Cooperative Motion of a Multi-Subunit Protein Visualized by X-Ray Single Molecule Tracking

Abstract

Most of proteins or enzymes are multimeric proteins, such as dimer, trimer, or higher-order structures (Goodsell et al. Annu Rev Biophys Biomol Struct, 2000). Usually, these proteins have multiple biding sites for ligands, such as ATP, peptide and others, that induce protein's conformational change. The function of the protein is regulated by such conformational changes that may give rise to cooperativity. Therefore, assessment of the cooperativity between subunits of proteins is important to understand the function of complex proteins.We have previously reported that the diffracted X-ray tracking (DXT) method could trace ATP-induced twisting motion of group II chaperonin ring at a single molecule level with high accuracy. In DXT, a gold nanocrystal immobilized on one side of chaperonin-ring is used as tracer for structural change of chaperonin. Our analyses clearly showed that the chaperonin ring partially closed within 1 s of ATP binding, the closed ring subsequently twisted counterclockwise within 2-6 s, as viewed from the top to bottom of the chaperonin, and the twisted ring reverted to the original open-state with a clockwise motion.
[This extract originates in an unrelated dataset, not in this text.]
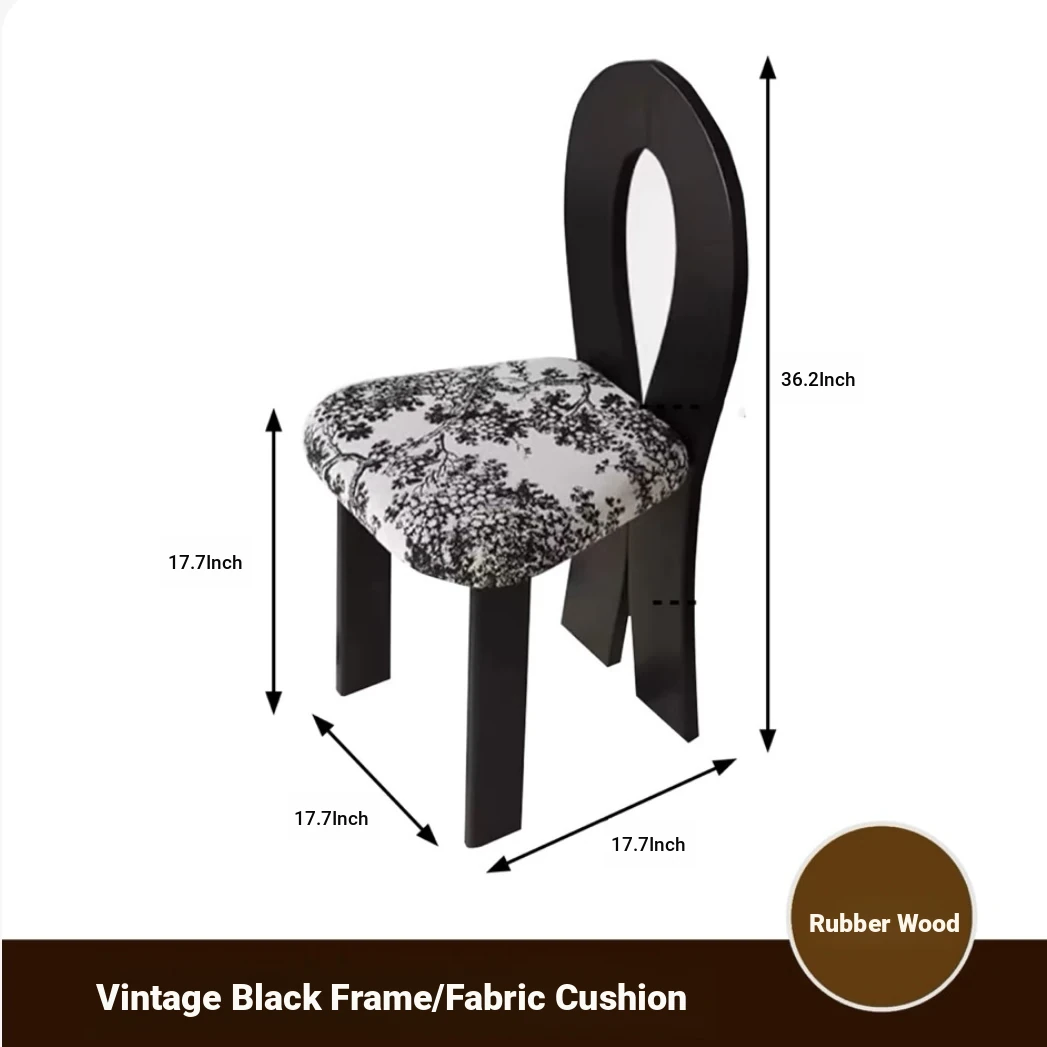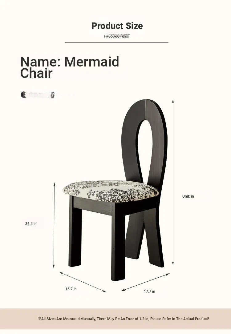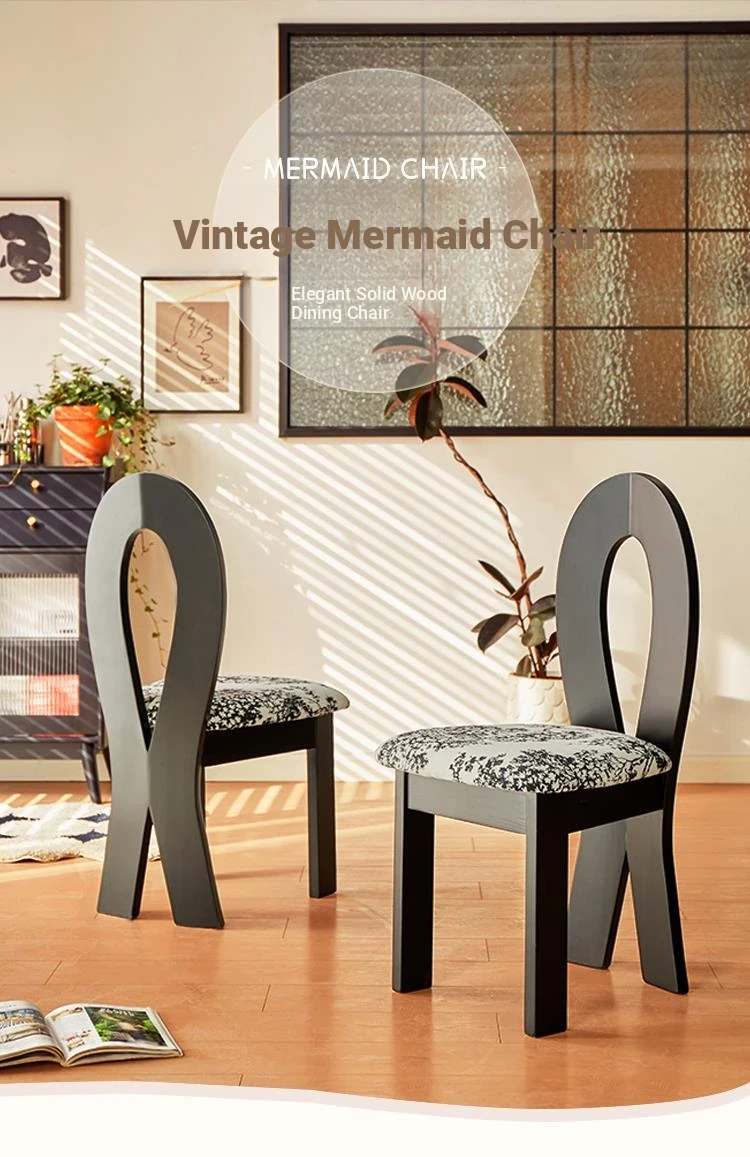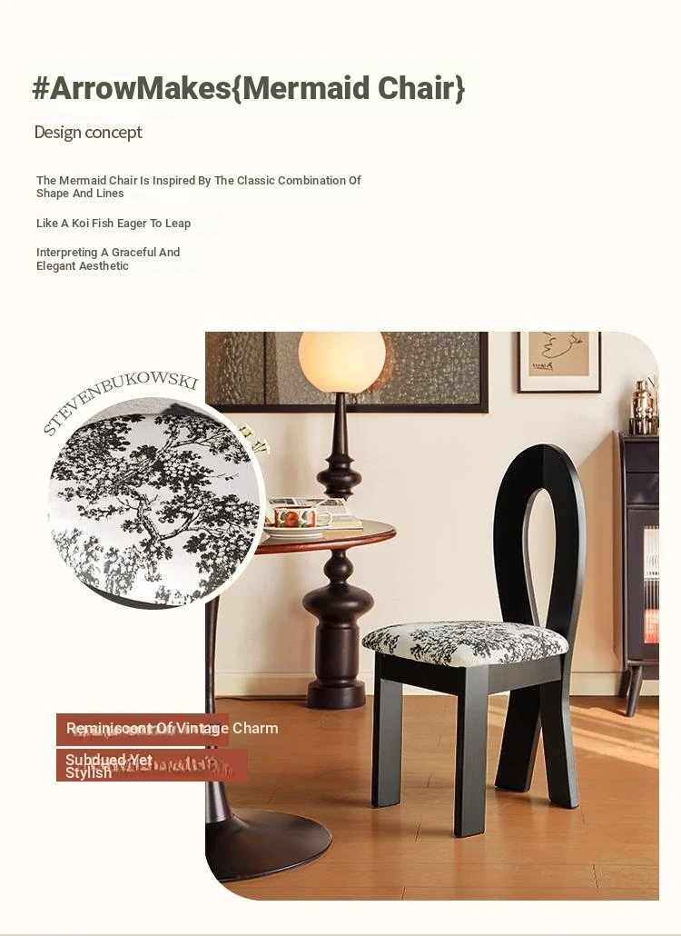 Vintage Makeup Chair for Home Use - Retro Solid Wood Dressing Stool, Designer Mermaid Chair with French Backrest, Perfect for Bedrooms and Dining Spaces.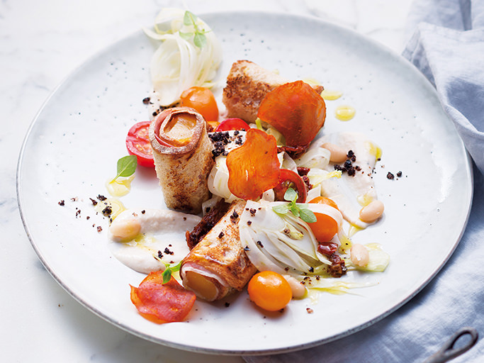 Wintersalat mit Kürbis, Zander & Molkecreme

In this study, we checked how ATPase deficient mutant subunits modulate the speed or frequency of twisting motion. We controlled the number of ATPase deficient mutant within one chaperonin ring, constructed the ATP deficient hetero-ring using circular permutated connected mutants, and evaluated the effects of those mutants to chaperonin-ring's twisting motion. We found that the equivalent twisting motion was observed in hetero-ring chaperonin and inter-ring communication is dispensable for the function of group II chaperonin3.